The first successful rotor model was proposed by August Foppl in 1895. It consisted of a single disk centrally located on a circular shaft, without damping. It demonstrated that supercritical operation was stable. Unfortunately, Foppl published his work in a German civil engineering journal, which was little read, if at all, by the rotordynamics community of his day.

In 1919 Henry Jeffcott conceived the same model, this time with damping, and published his work in a widely read English journal. As a result, in the UK and the USA a single disk rotor is called a Jeffcott rotor.
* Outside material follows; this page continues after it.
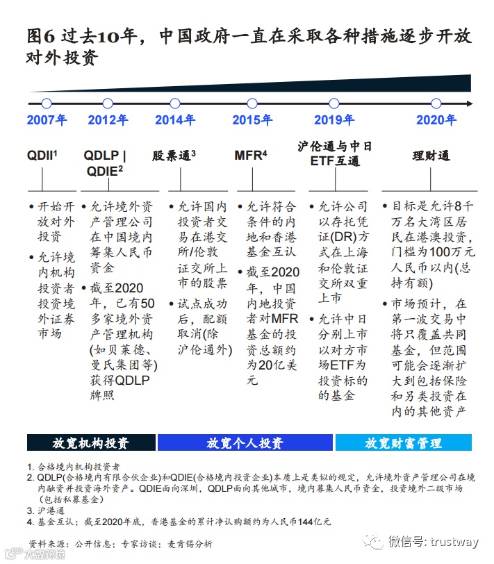 随着国家金融市场双向开放加速,新渠道不断涌现、跨境投资愈加顺畅,跨境业务将在政策东风的鼓励下更加多元化。这包括2007年通过QDII制度允许境内机构投资海外证券市场、2012年开始试点QDLP/QDIE、2014年开启“沪港通”、2015年推出内地与香港互认基金以及2019年开放沪伦通与中日ETF互通。而2020年更是波澜壮阔的一年,自9月重启QDII额度发放以来,国家外汇局已连续三个季度发放QDII额度,预计QDII总额度提升只是时间问题;此外,粤港澳大湾区的跨境理财通试点则是继港股通、沪伦通之后,资本项下互联互通的重要尝试,粤港澳大湾区居民个人未来有望通过“北向通”或“南向通”的形式跨境投资粤港澳大湾区银行理财产品,未来还存在纳入保险产品的可能(见图6)。

Over time many variations of the Jeffcott rotor have been studied but its most frequent features are a single, rigid disk mounted on a circular, flexible shaft, which is supported by bearings at each end. This is the configuration that will be assumed in this paper, see Fig. 1.

The Jeffcott rotor model is obviously an oversimplification of real-world rotors but it nevertheless assists an understanding of many features of real-world rotor behavior, including critical speeds, gyroscopic action, and the destabilizing effect of internal damping. The full richness of the model is demonstrated in the book by Erwin Kramer [2].

Natural whirling (precessional) frequencies and modes:

The dynamics of a rotor are not exactly the same as the dynamics of a spring-mass system. The reference state of the latter is stationary while that of the former is rotational. Nevertheless, they share the existence of natural frequencies and natural mode shapes. Let the rotor have a spin speed of Ω rad/s (60Ω/2π rpm) and let Ω be such that the rotor’s reference state is stable. Then if an impact is applied in the same sense as Ω, the rotor will whirl in a bent shape around its reference state at a rate of ω rad/s (ω/2π Hz). This is called Forward Whirling (FW). If the impact is opposite to the sense of n, the rotor will undergo Backward Whirling (BW). The frequencies of these whirling motions are called natural whirling (precessional) frequencies and the associated shapes are called natural whirling (precessional) modes. For a Jeffcott rotor with a non-central disk the FW and BW natural whirling frequencies are different functions of Ω and will diverge when plotted against Ω. A typical variation is shown in Fig. 2(b).

The root-cause of this divergence is the wobbling of the non-central disk during whirling. The interaction of this wobbling motion with the disk angular momentum vector produces an effect that increases the FW frequency and decreases the BW frequency.”